DIRECTIONS →
Keep images out and repeat all data exactly.

GIVEN MATERIAL →
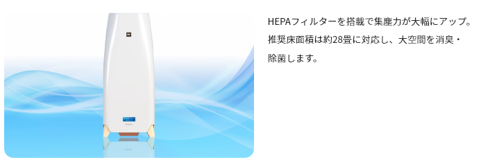 ブルーディオM型は、1台で約28畳分の部屋を消臭除菌いたします。
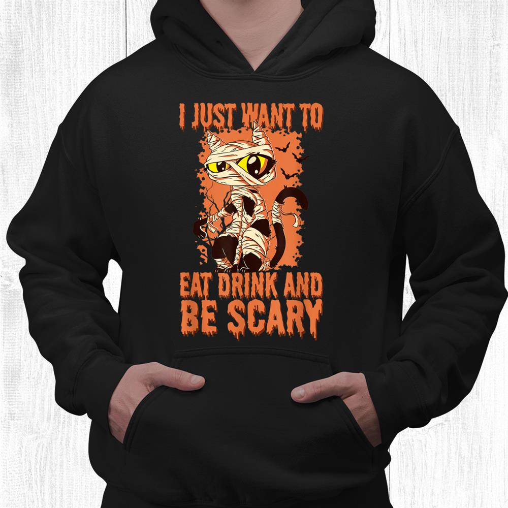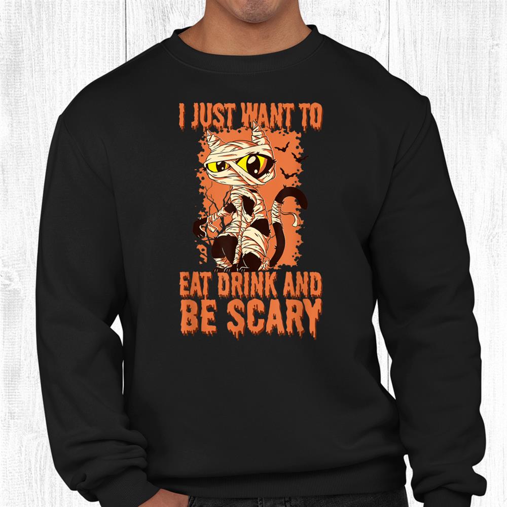 If you love witty Halloween designs, the I Just Want To Eat Drink And Be Scary Spooky Cat Halloween Shirt is made for you. This fun graphic tee showcases a mischievous cat ready for Halloween fun. Perfect for parties, night outs, or cozy fall evenings, it blends humor with charm. The design’s detailed art and comfortable fabric make it a must-have for cat lovers and Halloween fans alike.
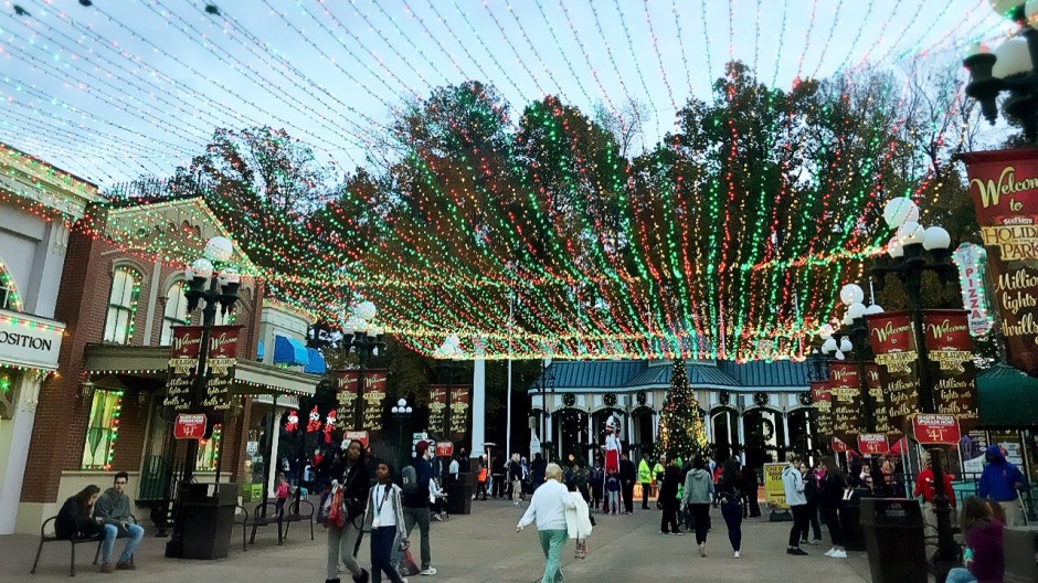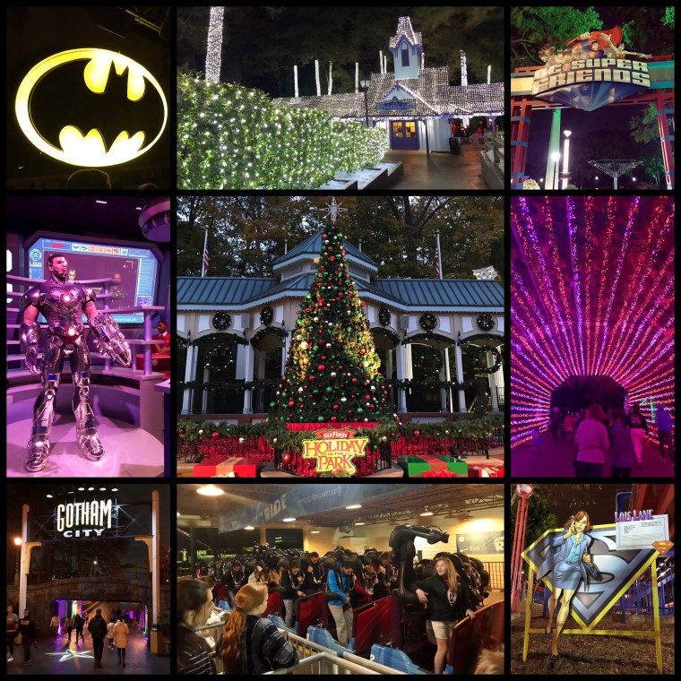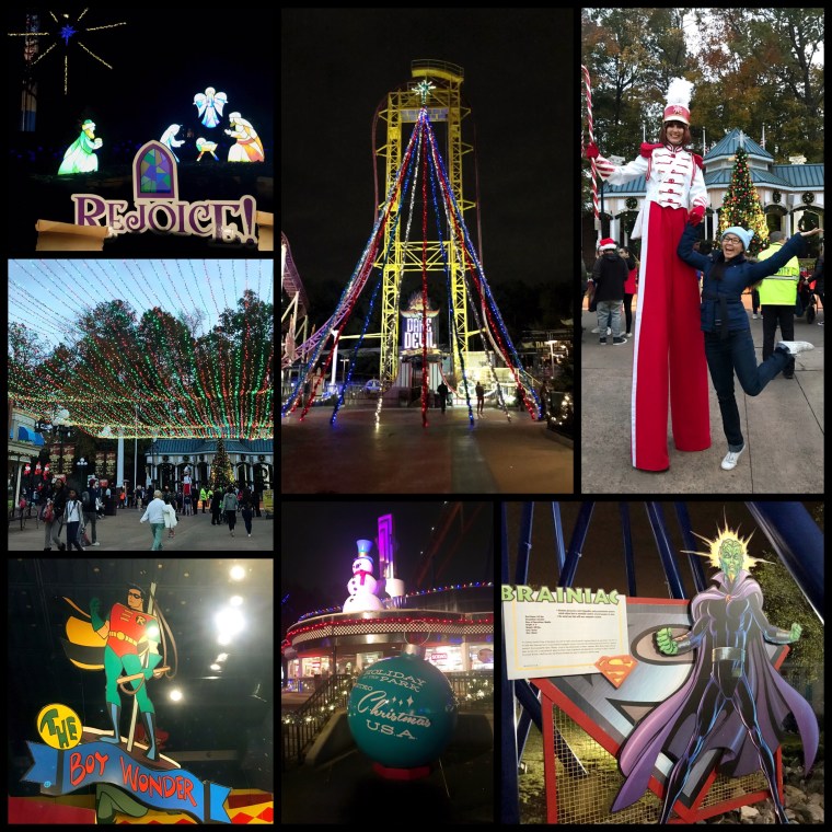 Six Flags Over Georgia is located about 30 minutes outside of downtown Atlanta and during the week of my Georgia visit they had special evening hours. Unlike Magic Mountain where thrill seekers could enjoy the park during the morning hours – afternoon hours, Over Georgia had afternoon – evening hours (4pm-10pm). Unexpected, but with the holiday lights and decor it made for a festive evening.

ANSWER FOR THE TASK →
 ブルーディオM型は、1台で約28畳分の部屋を消臭除菌いたします。
 If you love witty Halloween designs, the I Just Want To Eat Drink And Be Scary Spooky Cat Halloween Shirt is made for you. This fun graphic tee showcases a mischievous cat ready for Halloween fun. Perfect for parties, night outs, or cozy fall evenings, it blends humor with charm. The design’s detailed art and comfortable fabric make it a must-have for cat lovers and Halloween fans alike.
 Six Flags Over Georgia is located about 30 minutes outside of downtown Atlanta and during the week of my Georgia visit they had special evening hours. Unlike Magic Mountain where thrill seekers could enjoy the park during the morning hours – afternoon hours, Over Georgia had afternoon – evening hours (4pm-10pm). Unexpected, but with the holiday lights and decor it made for a festive evening.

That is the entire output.